··· PROVIDED INFORMATION

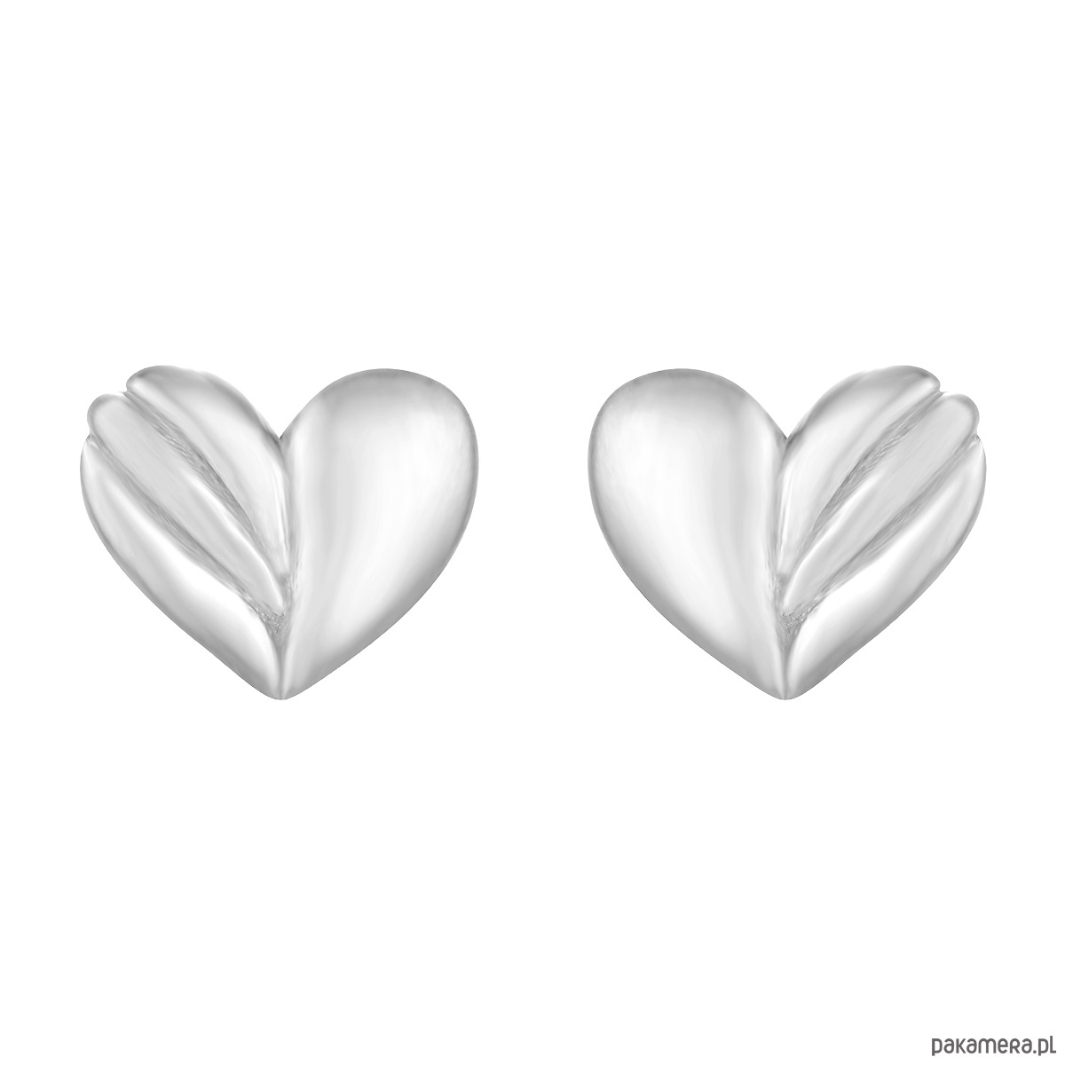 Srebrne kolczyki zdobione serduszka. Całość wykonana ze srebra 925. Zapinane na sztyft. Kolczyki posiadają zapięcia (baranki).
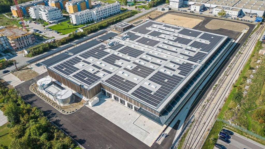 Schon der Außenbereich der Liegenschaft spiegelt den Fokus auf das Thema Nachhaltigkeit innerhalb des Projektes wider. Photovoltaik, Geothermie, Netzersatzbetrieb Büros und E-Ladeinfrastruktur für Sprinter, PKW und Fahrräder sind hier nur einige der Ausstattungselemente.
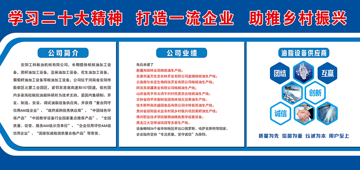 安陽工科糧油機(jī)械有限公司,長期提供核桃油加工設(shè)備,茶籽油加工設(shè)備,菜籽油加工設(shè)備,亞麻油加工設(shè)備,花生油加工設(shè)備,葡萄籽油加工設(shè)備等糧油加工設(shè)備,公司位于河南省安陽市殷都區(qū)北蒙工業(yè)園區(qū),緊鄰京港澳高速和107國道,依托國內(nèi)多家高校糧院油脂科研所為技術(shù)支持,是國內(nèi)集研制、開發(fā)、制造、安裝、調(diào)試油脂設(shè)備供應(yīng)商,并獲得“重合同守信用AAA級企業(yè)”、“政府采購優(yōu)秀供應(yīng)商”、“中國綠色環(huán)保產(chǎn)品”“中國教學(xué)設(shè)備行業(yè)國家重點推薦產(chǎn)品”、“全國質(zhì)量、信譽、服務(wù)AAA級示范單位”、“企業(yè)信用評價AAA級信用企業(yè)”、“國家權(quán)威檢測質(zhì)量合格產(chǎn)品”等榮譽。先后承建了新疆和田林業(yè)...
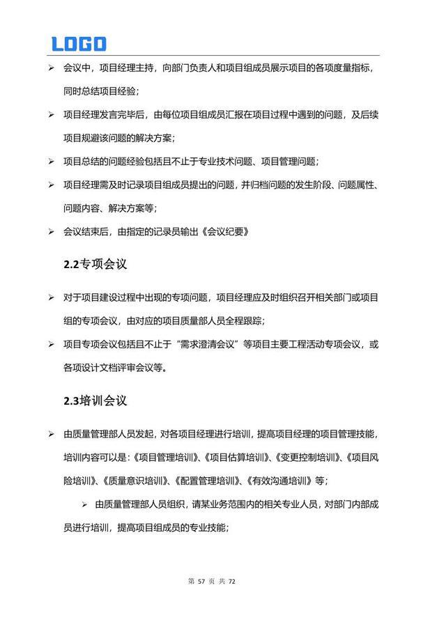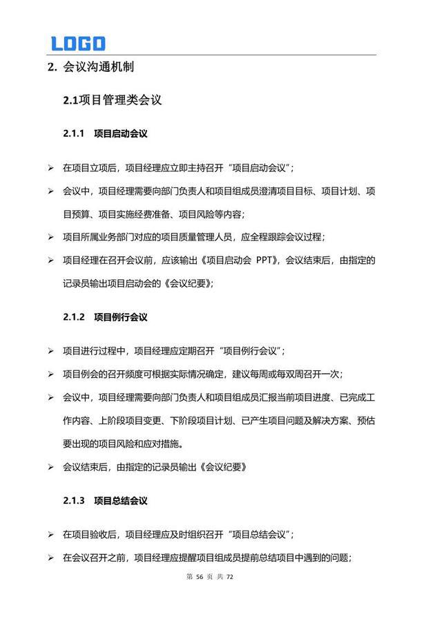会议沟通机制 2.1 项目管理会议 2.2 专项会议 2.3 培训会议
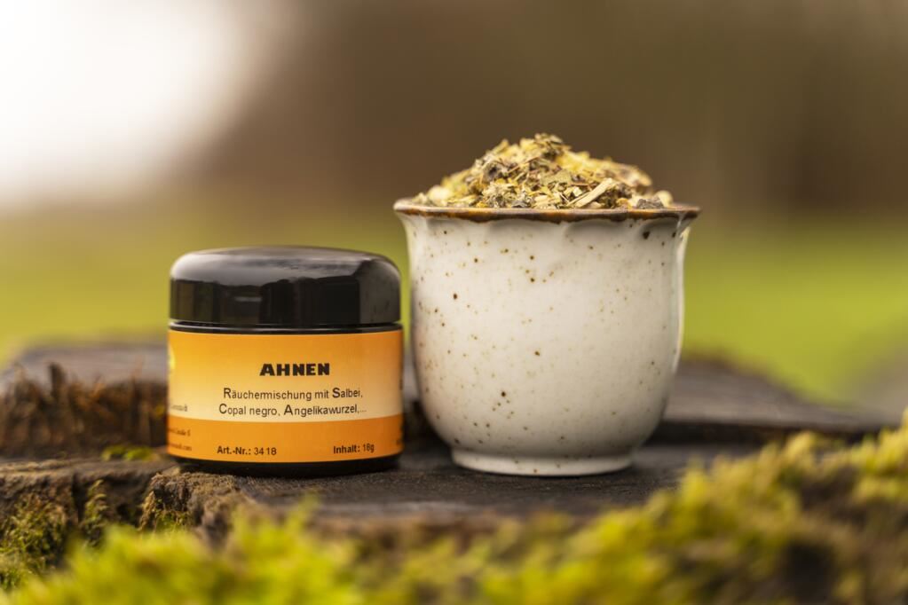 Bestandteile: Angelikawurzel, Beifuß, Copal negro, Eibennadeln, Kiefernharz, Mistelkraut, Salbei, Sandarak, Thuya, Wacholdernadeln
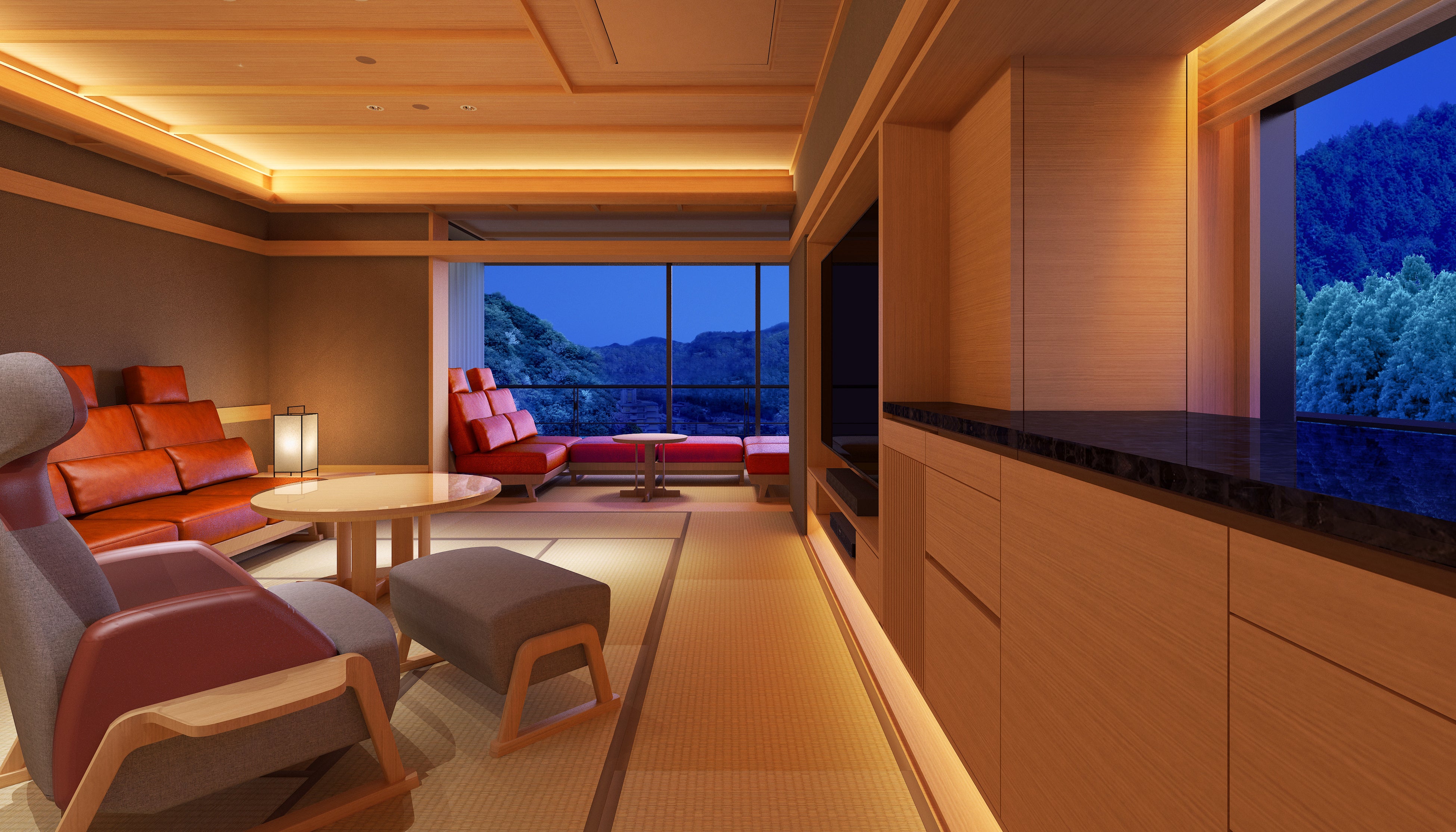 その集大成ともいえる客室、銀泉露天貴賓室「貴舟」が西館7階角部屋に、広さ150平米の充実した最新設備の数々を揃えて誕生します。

······
··· PROVIDED INFORMATION

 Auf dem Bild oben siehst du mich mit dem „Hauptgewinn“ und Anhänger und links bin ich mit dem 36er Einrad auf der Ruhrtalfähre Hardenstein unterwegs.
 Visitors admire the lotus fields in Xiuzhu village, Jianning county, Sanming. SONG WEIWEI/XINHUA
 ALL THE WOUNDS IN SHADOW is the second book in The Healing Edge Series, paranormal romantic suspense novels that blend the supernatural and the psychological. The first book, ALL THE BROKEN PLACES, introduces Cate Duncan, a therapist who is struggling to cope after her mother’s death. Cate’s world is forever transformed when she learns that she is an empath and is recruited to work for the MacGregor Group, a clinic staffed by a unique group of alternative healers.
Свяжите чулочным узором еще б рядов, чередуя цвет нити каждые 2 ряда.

······

Taking the entries above, extract every line from the one bearing "Bestandteile: Angelikawurzel, Beifuß, Copal" through the one bearing "その集大成ともいえる客室、銀", exactly, with no pictures.

 Bestandteile: Angelikawurzel, Beifuß, Copal negro, Eibennadeln, Kiefernharz, Mistelkraut, Salbei, Sandarak, Thuya, Wacholdernadeln
 その集大成ともいえる客室、銀泉露天貴賓室「貴舟」が西館7階角部屋に、広さ150平米の充実した最新設備の数々を揃えて誕生します。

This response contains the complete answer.